Снизу зарод сена был разметан, и под его карнизом на душистом сене лежал Ухоздвигов. Головешиха сидела рядом, разбирая принесенную снедь.

– Раскаркались, проклятые! – беспокойно и зло сказал Ухоздвигов. – Шугнуть бы!

– Не надо. Здесь теперь никто не ходит, – успокоила его Головешиха. – Охотников по этой рассохе нет. Разве волк забредет.

– Значит, говоришь, Мамонта взяли?

– Спекся, голубчик!

– Ты все исполнила, как я сказал?

– Все, все! Сама ездила в район к следователю НКВД и все ему обсказала… И какие Головня речи разводил в леспромхозе. И как ругал советскую власть вместе с Демидом Боровиковым…
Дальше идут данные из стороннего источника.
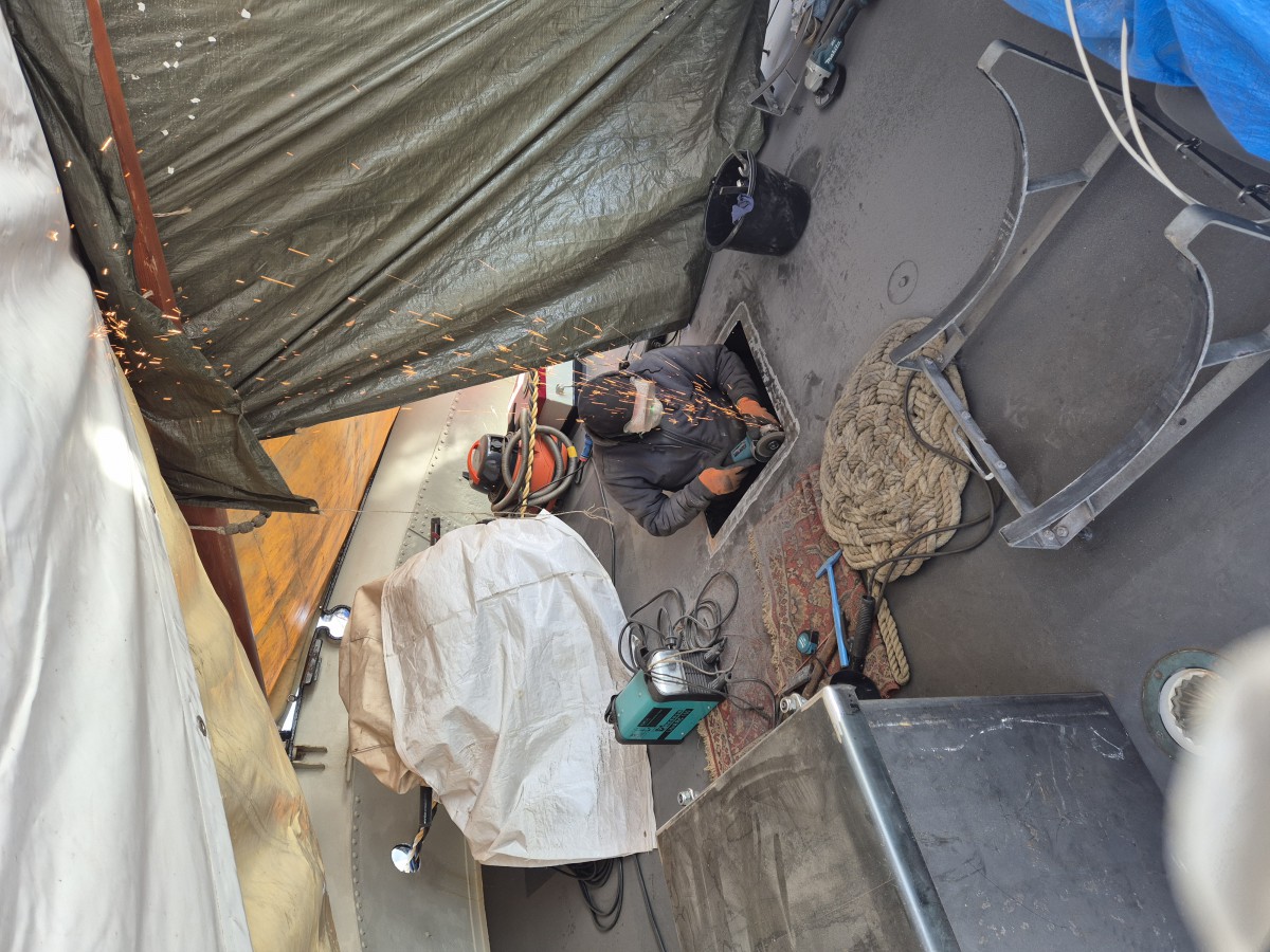 Das Deck wird gruen und die neue Luke ist auch fertig

– Да-а, дела! – раздумчиво сказал Ухоздвигов, закуривая папиросу и устало взъерошивая белесые волосы.

Он сильно постарел, опустился. Волосы на темени еще больше поредели, отчего лоб казался огромным, выпуклым.

– Зарос-то как! Бедный мой! – сказала Дуня, обнимая его и ласково потершись щекою об его колючую щетину. – Пожил бы у меня, отдохнул. Горница моя, сам знаешь, как устроена – солдат с котомкой завалится, и век не найдешь.

– Нет, Дуня! Не до отдыха теперь. Аресты кругом идут. Могут и меня сцапать. Такое дело! – устало ответил Ухоздвигов. – Я вот что пришел тебе сказать… Я, Дуня, пришел проститься.

– Как? Насовсем?

– Уходить надо, Дуня. Совсем уходить.

– А как же я?! Нет, нет! Гавря, милый! Неужели ты меня кинешь?

Дуня всхлипнула, вытирая нос уголком повязанного платка.

– Что же мне теперь?… Совсем, совсем одна!

– Погоди, погоди, Дуня. Не плачь.

Не зная, чем утешить, угрюмо сказал:

– Что я могу поделать? Ты же сама видишь, какая складывается обстановка… Нельзя мне больше здесь оставаться. Измучился я. Вечно прятаться… Как волк. Сил нет. Надоело. Надо уходить в город. Там народу больше… Видишь сама, какой я стал. Ноги хрустят в суставах, будто в чашечках дресва. А тут еще с весны привязалась рожа к ноге, будь она проклята! Зудит и зудит между пальцами, хоть вой!

– Вот и побыл бы.

– Нельзя, Дуня!

– Я принесла тебе чистые портянки. И белья смену, – покорно сказала Дуня. – Тут вот, в котомке, сало и свежие лепешки…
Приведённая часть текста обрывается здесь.